Assistance to Individuals With Disabilities in Reviewing the Rulemaking 
Record

    On request, we will supply an appropriate aid, such as a reader or 
print magnifier, to an individual with a disability who needs 
assistance to review the comments or other documents in the public 
rulemaking record for these proposed priorities. If you want to 
schedule an appointment for this type of aid, please contact the person 
listed under FOR FURTHER INFORMATION CONTACT.
    We will announce the final priorities in a notice in the Federal 
Register. We will determine the final priorities after considering 
responses to this notice and other information available to the 
Department. This notice does not preclude us from proposing or funding 
additional priorities, subject to meeting applicable rulemaking 
requirements.

    Note: This notice does not solicit applications. In any year in 
which we choose to use these proposed priorities, we invite 
applications through a notice published in the Federal Register. 
When inviting applications we designate each priority as absolute, 
competitive preference, or invitational. The effect of each type of 
priority follows:
    Absolute priority: Under an absolute priority, we consider only 
applications that meet the priority (34 CFR 75.105(c)(3)).
    Competitive preference priority: Under a competitive preference 
priority, we give competitive preference to an application by either 
(1) awarding additional points, depending on how well or the extent 
to which the application meets the priority (34 CFR 
75.105(c)(2)(i)); or (2) selecting an application that meets the 
competitive priority over an application of comparable merit that 
does not meet the competitive priority (34 CFR 75.105(c)(2)(ii)).
    Invitational priority: Under an invitational priority, we are 
particularly interested in applications that meet the invitational 
priority. However, we do not give an application that meets the 
priority a competitive or absolute preference over other 
applications (34 CFR 75.105(c)(1)).


    Note: NIDRR supports the goals of President Bush's New Freedom 
Initiative (NFI). The NFI can be accessed on the Internet at the 
following site: http://www.whitehouse.gov/news/freedominitiative/freedominitiative.html.
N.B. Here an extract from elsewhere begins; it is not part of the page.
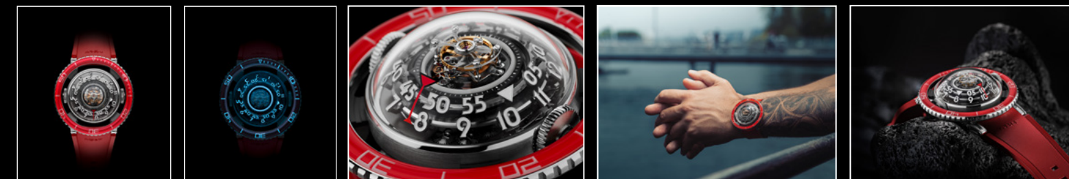
HM7 AQUAPOD PT RED TOP | HM7 AQUAPOD PT RED TOP NIGHT | HM7 AQUAPOD PT RED CLOSE-UP | HM7 AQUAPOD PT RED CLOSE-UP | HM7 AQUAPOD PT RED CLOSE-UP

    These proposed priorities are in concert with NIDRR's Long-Range 
Plan (the Plan). The Plan is comprehensive

[[Page 25012]]

and integrates many issues relating to disability and rehabilitation 
research topics. While applicants will find many sections throughout 
the Plan that support potential research to be conducted under these 
proposed priorities, a specific reference is included for the topic 
presented in this notice. The Plan can be accessed on the Internet at 
the following site: http://www.ed.gov/offices/OSERS/NIDRR/Products.
    Through the implementation of the Plan, NIDRR seeks to: (1) Improve 
the quality and utility of disability and rehabilitation research; (2) 
foster an exchange of expertise, information, and training to 
facilitate the advancement of knowledge and understanding of the unique 
needs of traditionally underserved populations; (3) determine best 
strategies and programs to improve rehabilitation outcomes for 
underserved populations; (4) identify research gaps; (5) identify 
mechanisms of integrating research and practice; and (6) disseminate 
findings.

Rehabilitation Research and Training Centers

    We may make awards for up to 60 months to institutions of higher 
education or providers of rehabilitation or other appropriate services. 
RRTCs conduct coordinated and integrated advanced programs of research 
targeted toward the production of new knowledge to improve 
rehabilitation methodology and service delivery systems, alleviate or 
stabilize disability conditions, or promote maximum social and economic 
independence for persons with disabilities. Additional information on 
the RRTC program can be found at: http://www.ed.gov/offices/OSERS/NIDRR/Programs/res_program.html#RRTC.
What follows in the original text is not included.